Reinforcement learning for battery energy management: A new balancing approach for Li-ion battery packs

Abstract

This study investigates the challenge of cell balancing in battery management systems (BMS) for lithium-ion batteries. Effective cell balancing is crucial for maximizing the usable capacity and lifespan of battery packs, which is essential for the widespread adoption of electric vehicles and the reduction of greenhouse gas emissions. A novel deep reinforcement learning (deep RL) approach is proposed for passive balancing with switched shunt resistors. Notable deep RL algorithms capable of handling discrete actions, such as Trust Region Policy Optimization (TRPO), Proximal Policy Optimization (PPO), Deep Q-Network (DQN), Augmented Random Search (ARS), and Asynchronous Advantage Actor Critic (A3C), are investigated.
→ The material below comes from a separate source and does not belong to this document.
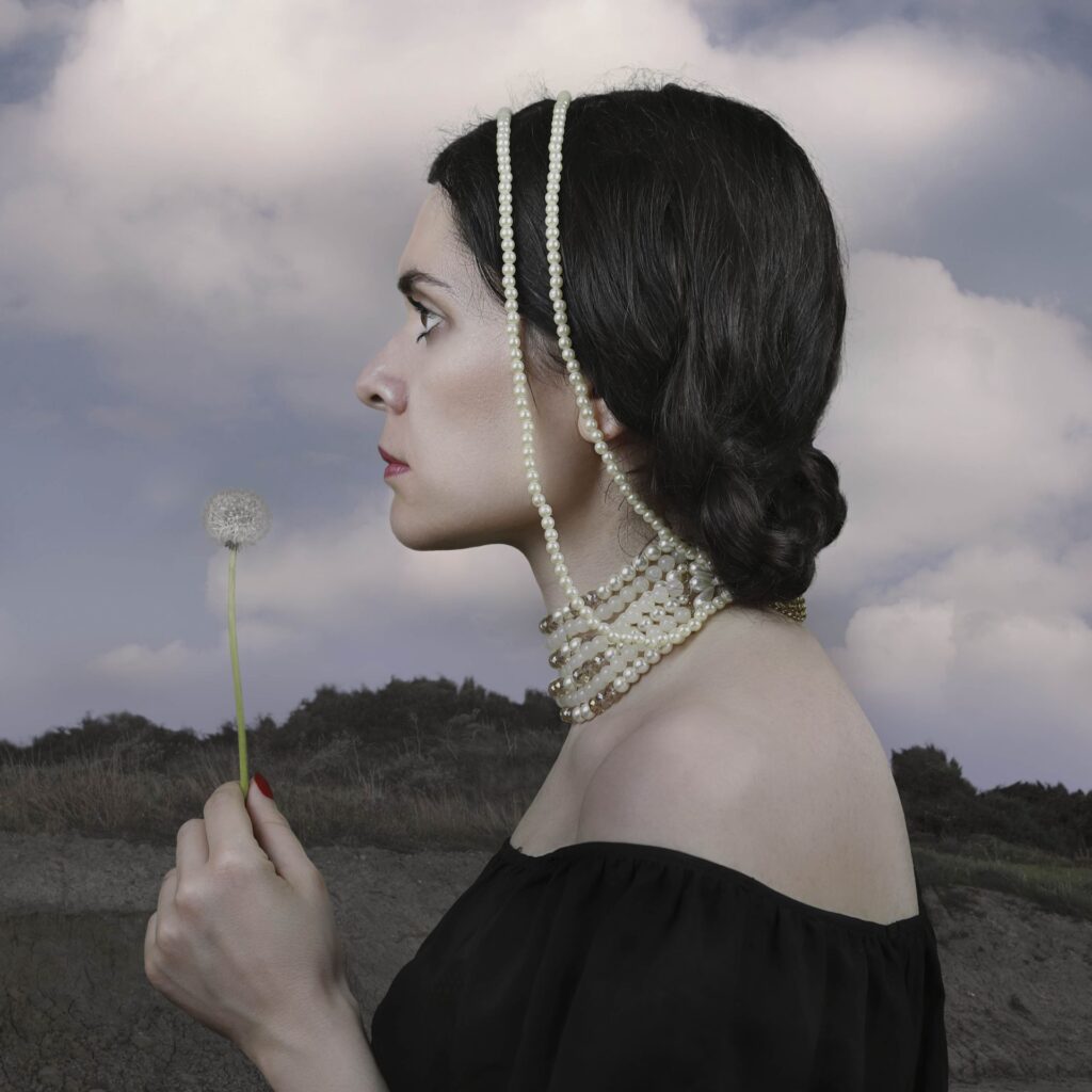 Con la prima serie fotografica in mostra Nihil sub sole novum (Nulla di nuovo sotto il sole) Debora Garritani reinventa la Vanitas in chiave contemporanea: elementi che rimandano alla tradizione pittorica come l’oro delle cornici, i riferimenti all’iconografia rinascimentale del ritratto, i cieli e i paesaggi ispirati a Raffaello, accanto ai simboli classici della Vanitas: il soffione, la bolla di sapone e il teschio che evocano la fugacità della bellezza, dei piaceri e della vita stessa. Così la vanità diventa lente critica sulla riduzione dell’essere a superficie. La serie richiama alla coltivazione di valori durevoli, alla responsabilità verso il sé autentico.

TRPO demonstrates superior performance compared to other deep RL algorithms and rule-based methods in both charging and discharging scenarios without requiring fine-tuning, optimizing the balance between cell balancing and switch changes. It achieves up to 16.8% improvement in battery pack capacity, 69.4% reduction in state-of-charge variance among cells, and 40.4% decrease in the number of switching operations in simulation results for five li-ion cells connected in series.The study introduces an innovative application of deep RL for passive balancing, a comprehensive battery cell modeling technique, and a tailored multi-objective reward function that balances cell balancing and switching costs. This work represents a significant advancement in applying deep RL to battery management systems, providing a framework for further research and practical implementation in energy storage systems.